AIM OF THE EXERCISE:
In the records below, the relevant part opens with the line containing "Warren Hill provides" and closes with the line containing "Produzido em tecido"; print that part exactly and only, without its pictures.

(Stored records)
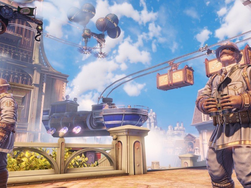 Même si le contexte politique et social est important, BioShock Infinite n'est pas pour autant inaccessible. Les mécaniques reprennent globalement les mêmes recettes que dans les précédents volets, et la structure reste linéaire. Bien sur, en sortant des sentiers battus, vous pourrez découvrir des journaux audio à collecter et des films en noir et blanc, permettant de mieux comprendre la fonctionnement de la société. Le système de combat a été légèrement remanié, et la prise en main est plus réactive. Les plasmides sont également de retour, cette fois sous forme de toniques créés par Fink Manufacturing, et font preuve d'une plus grande variété. On appréciera particulièrement la télékinésie, qui permet désormais d'attirer les ennemis vers soi afin de les laisser léviter pour ensuite les frapper en utilisant le tonique de charge. L'armement est assez colossal, et s'il est seulement possible d'en transporter deux à la fois, on ne manque jamais de stratégie pour rosser nos adversaires. On signalera également la présence d'un petit bouclier qui se rechargera automatiquement (ô surprise), mais aussi d'un crochet aimanté qui permet de se déplacer rapidement à travers l'environnement ou d'attaquer l'ennemi à travers les airs.
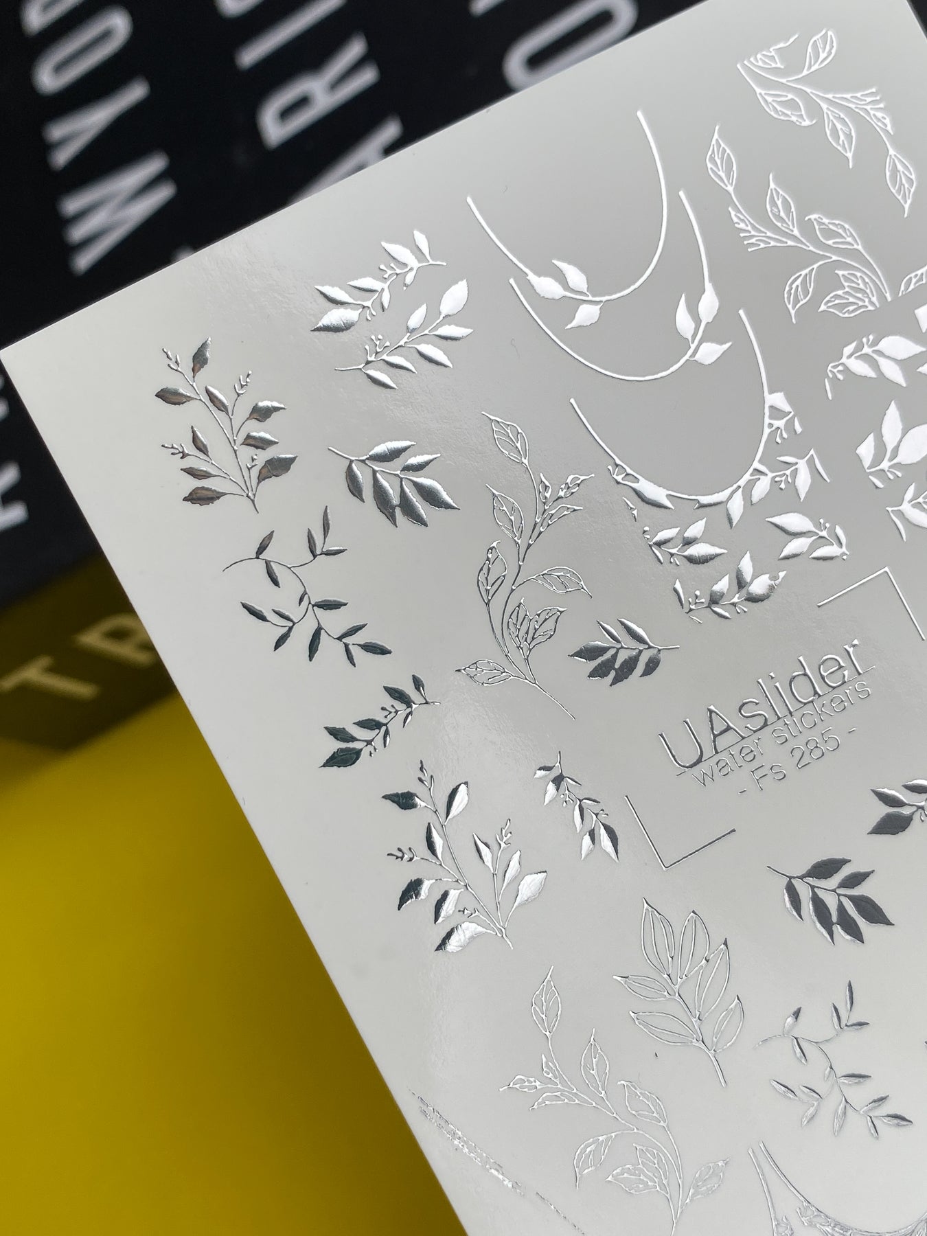 Nail Water Decal Fs-285 | Silver Leaf Branch Water Slide Nail Decals | Elegant Foil Botanical Nail TattoosFs_285
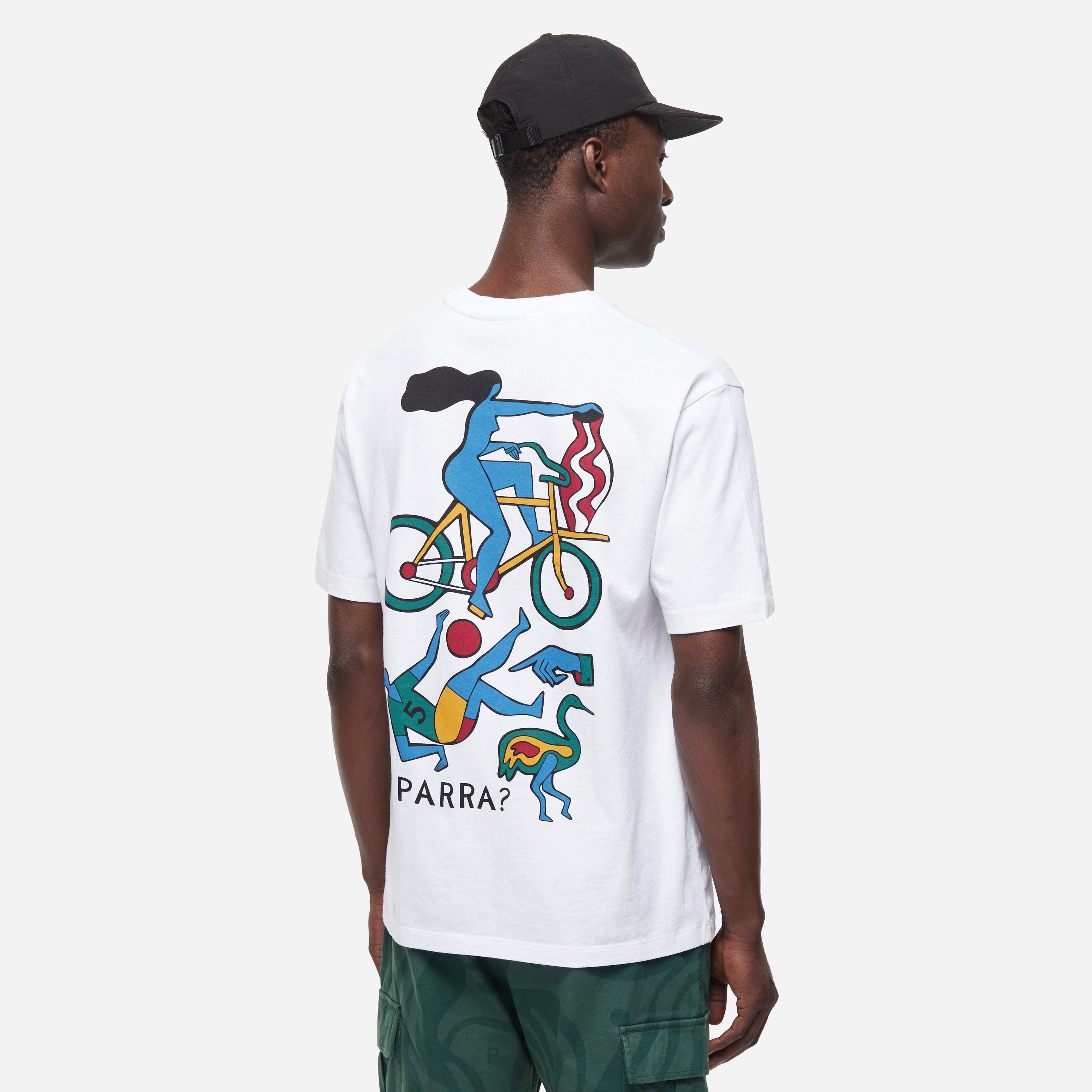 White - 100% cotton - 240gsm - Waterbased screenprint - Made in Portugal - Regular fit - Model is 6'2" and wears a size medium
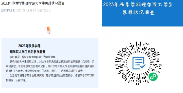 三是做好大学生思想状况调查。学院利用微信公众号设计调查问卷,对全体大学生进行了思想状况调查,鼓励同学通过调查问卷真实的表达自己的感受和诉求。通过问卷调查,更加清楚地了解学生的思想动态和各项诉求,联系学校相关部门有效解决学生的问题,更加优速快捷地为学生服务。
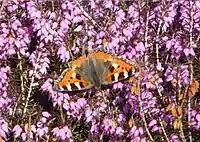 Warren Hill provides an important heathland habitat covered by the United Kingdom Biodiversity Action Plan. The hill immediately overlooks Withybed Wood, itself an important ecosystem and migratory point.[10] Hengistbury Head was declared a Local Nature Reserve in 1990; the heathland in particular is designated as both a Special Area of Conservation and a Special Protection Area, part of a network of the best wildlife sites in Europe.[8] The plateau is dominated by ling (common heather), with heather-bell found in the drier soils and cross-leaved heath in wetter areas. Dwarf gorse and tormentil give the area a touch of extra colour.[12] Sundews, carnivorous plants that supplement their diet by trapping and devouring insects, can be observed in the boggy areas.[12]
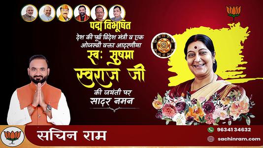 सचिन राम -सुषमा स्वराज जी की जयंती पर शत शत नमन
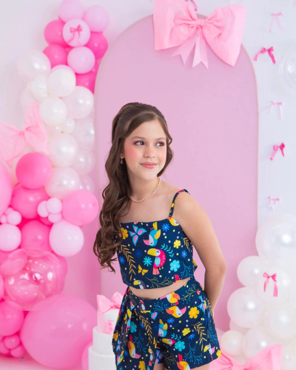 Produzido em tecido leve e fresquinho, o conjunto possui estampa exclusiva de tucanos sobre um fundo azul vibrante, trazendo um ar alegre e divertido que combina com os dias mais ensolarados. O cropped conta com alças reguláveis, que garantem um ajuste perfeito ao corpo, e detalhes de elástico nas costas, oferecendo mais conforto e liberdade de movimento.
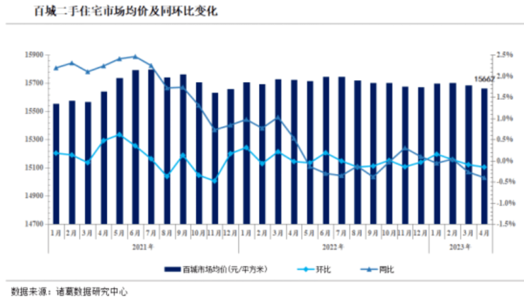 价格方面,据诸葛数据研究中心监测数据,4月100个重点城市二手住宅市场均价为15662元/平方米,环比下降0.15%,较上月扩大0.05个百分点;同比下降0.4%,较上月扩大0.13个百分点。
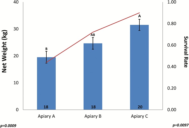 تأثر النجاح المتخلف في الوزن وحجم النحل الذي وصلت إليه الخلايا قبل الشتاء حيث كان وزن الخلية الأعلى مؤشرا قويا على بقاء في الفترة الشتوية. على الرغم من أن عدد المواقع المستخدمة في هذه الدراسة كان محدودًا، إلا أن الفرق في متوسط أحجام الخلايا من مواقع مختلفة يمكن أن يعزى إلى وفرة وتنوع موارد الأزهار بالقرب من خلايا نحل العسل. تشير نتائجنا إلى أن:
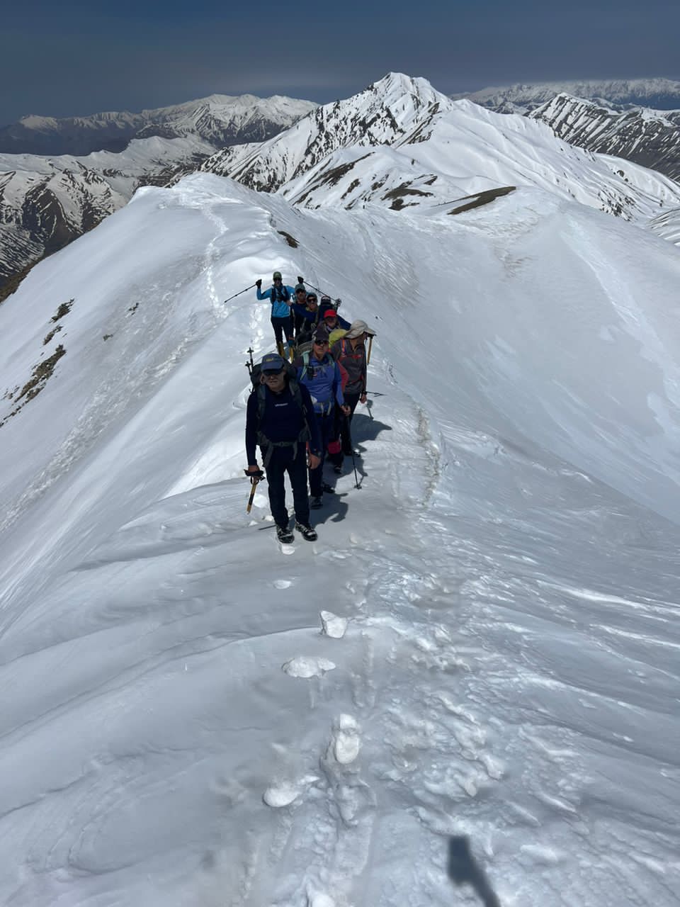 روز جمعه ۱۴۰۳/۲/۷ همراه با ۵۲ نفر از همنوردان عزیز باشگاه سرکچال عازم منطقه شمشک و روستای سپیدستون شدیم. این برنامه طبق برنامه ریزی های قبلی همراه بود با چهارمین سالگرد آسمانی شدن همنورد و رفیق قدیمی ما مرحوم حسین صادق زاده، کوهنورد قدیمی که قربانی بهمن سرکچال ها شد و از بین ما رفت. حدود ساعت ۶ صبح از پارکینگ سپیدستون برنامه رو استارت زدیم. ارتفاع روستا ۲۴۰۰ متر و ارتفاع قلل سرکچالها از ۴۱۰۰ تا ۴۲۰۰ متر متغیر هستند.از قبل مسیری رو انتخاب کرده بودم که کم تردد بود و سالهای قبل همراه حسین عزیز صعود کرده بودیم.
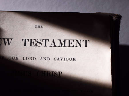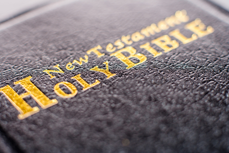 Close up of Holy Bible book with text in it. Shallow depth of field.
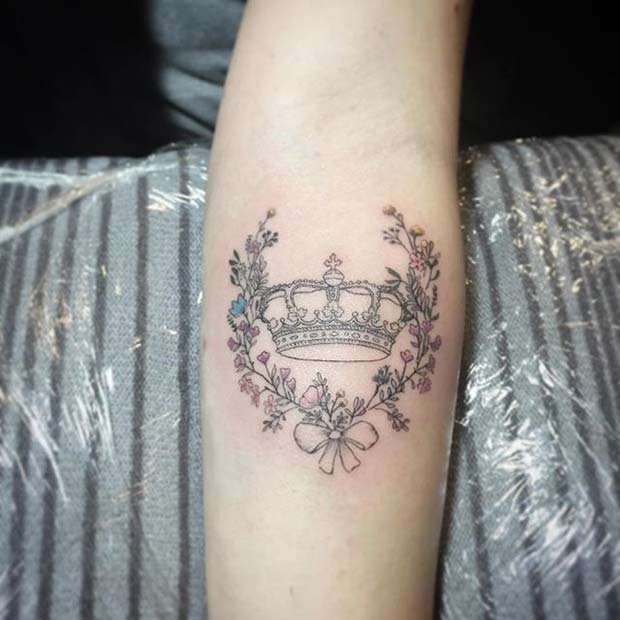 A floral crown tattoo offers a stylish and unique twist on the classic crown design. Incorporate your favorite flowers or add color to make it even more special.
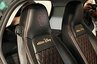 このほか、インテリアでは通常はファブリック仕様のシートを本革に変更し、表面に赤の糸を使ってダイヤモンドステッチを施すことで高級感を演出。ヘッドレストにはミッキーマウスのシルエットが入り、インテリアの要所を赤く塗装して、運転中でもミッキーマウスと一緒にいるような雰囲気が感じられるようになっている。

ANSWER SECTION:
 Warren Hill provides an important heathland habitat covered by the United Kingdom Biodiversity Action Plan. The hill immediately overlooks Withybed Wood, itself an important ecosystem and migratory point.[10] Hengistbury Head was declared a Local Nature Reserve in 1990; the heathland in particular is designated as both a Special Area of Conservation and a Special Protection Area, part of a network of the best wildlife sites in Europe.[8] The plateau is dominated by ling (common heather), with heather-bell found in the drier soils and cross-leaved heath in wetter areas. Dwarf gorse and tormentil give the area a touch of extra colour.[12] Sundews, carnivorous plants that supplement their diet by trapping and devouring insects, can be observed in the boggy areas.[12]
 सचिन राम -सुषमा स्वराज जी की जयंती पर शत शत नमन
 Produzido em tecido leve e fresquinho, o conjunto possui estampa exclusiva de tucanos sobre um fundo azul vibrante, trazendo um ar alegre e divertido que combina com os dias mais ensolarados. O cropped conta com alças reguláveis, que garantem um ajuste perfeito ao corpo, e detalhes de elástico nas costas, oferecendo mais conforto e liberdade de movimento.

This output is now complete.